▽

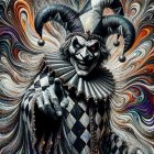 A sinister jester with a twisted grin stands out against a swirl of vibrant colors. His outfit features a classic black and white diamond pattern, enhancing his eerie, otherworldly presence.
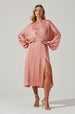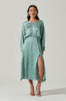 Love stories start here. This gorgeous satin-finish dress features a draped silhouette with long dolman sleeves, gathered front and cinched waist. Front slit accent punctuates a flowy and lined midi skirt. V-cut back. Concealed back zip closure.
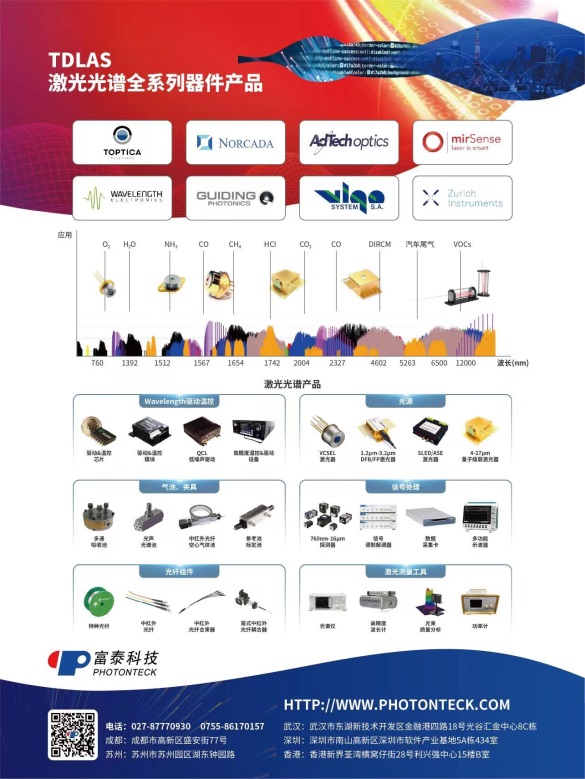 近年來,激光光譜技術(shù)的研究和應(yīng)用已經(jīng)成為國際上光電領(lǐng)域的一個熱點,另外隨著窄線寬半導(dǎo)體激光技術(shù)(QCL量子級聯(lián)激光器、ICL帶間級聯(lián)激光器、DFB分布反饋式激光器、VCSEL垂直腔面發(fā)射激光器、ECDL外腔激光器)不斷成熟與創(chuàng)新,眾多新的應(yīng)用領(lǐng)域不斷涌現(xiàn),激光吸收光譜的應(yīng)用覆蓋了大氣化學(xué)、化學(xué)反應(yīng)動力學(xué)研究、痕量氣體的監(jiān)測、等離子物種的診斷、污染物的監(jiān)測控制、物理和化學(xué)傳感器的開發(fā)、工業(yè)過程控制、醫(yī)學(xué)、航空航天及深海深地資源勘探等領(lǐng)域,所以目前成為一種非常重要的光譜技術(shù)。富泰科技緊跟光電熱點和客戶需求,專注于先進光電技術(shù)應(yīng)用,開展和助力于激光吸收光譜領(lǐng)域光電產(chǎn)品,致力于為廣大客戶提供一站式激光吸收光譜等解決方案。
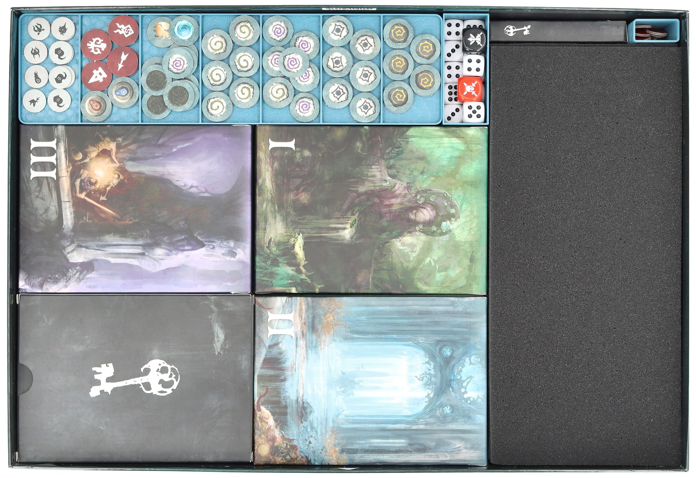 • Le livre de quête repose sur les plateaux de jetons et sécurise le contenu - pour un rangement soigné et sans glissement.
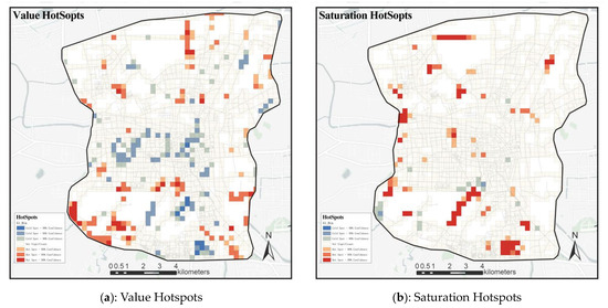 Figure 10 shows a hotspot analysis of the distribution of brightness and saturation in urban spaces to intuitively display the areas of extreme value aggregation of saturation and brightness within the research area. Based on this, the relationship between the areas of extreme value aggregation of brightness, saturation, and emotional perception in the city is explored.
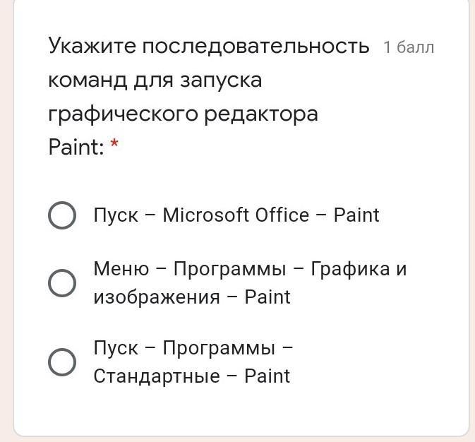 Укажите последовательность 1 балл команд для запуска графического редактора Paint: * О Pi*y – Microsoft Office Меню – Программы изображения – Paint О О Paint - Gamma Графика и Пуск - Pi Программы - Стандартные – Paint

△

*AIM OF THE TASK*
Using the data above, which lines fall from the one with "Love stories start" through the one with "et sans glissement."? Repeat them exactly, ends included, minus any pictures.

*ANSWER SPACE*
 Love stories start here. This gorgeous satin-finish dress features a draped silhouette with long dolman sleeves, gathered front and cinched waist. Front slit accent punctuates a flowy and lined midi skirt. V-cut back. Concealed back zip closure.
 近年來,激光光譜技術(shù)的研究和應(yīng)用已經(jīng)成為國際上光電領(lǐng)域的一個熱點,另外隨著窄線寬半導(dǎo)體激光技術(shù)(QCL量子級聯(lián)激光器、ICL帶間級聯(lián)激光器、DFB分布反饋式激光器、VCSEL垂直腔面發(fā)射激光器、ECDL外腔激光器)不斷成熟與創(chuàng)新,眾多新的應(yīng)用領(lǐng)域不斷涌現(xiàn),激光吸收光譜的應(yīng)用覆蓋了大氣化學(xué)、化學(xué)反應(yīng)動力學(xué)研究、痕量氣體的監(jiān)測、等離子物種的診斷、污染物的監(jiān)測控制、物理和化學(xué)傳感器的開發(fā)、工業(yè)過程控制、醫(yī)學(xué)、航空航天及深海深地資源勘探等領(lǐng)域,所以目前成為一種非常重要的光譜技術(shù)。富泰科技緊跟光電熱點和客戶需求,專注于先進光電技術(shù)應(yīng)用,開展和助力于激光吸收光譜領(lǐng)域光電產(chǎn)品,致力于為廣大客戶提供一站式激光吸收光譜等解決方案。
 • Le livre de quête repose sur les plateaux de jetons et sécurise le contenu - pour un rangement soigné et sans glissement.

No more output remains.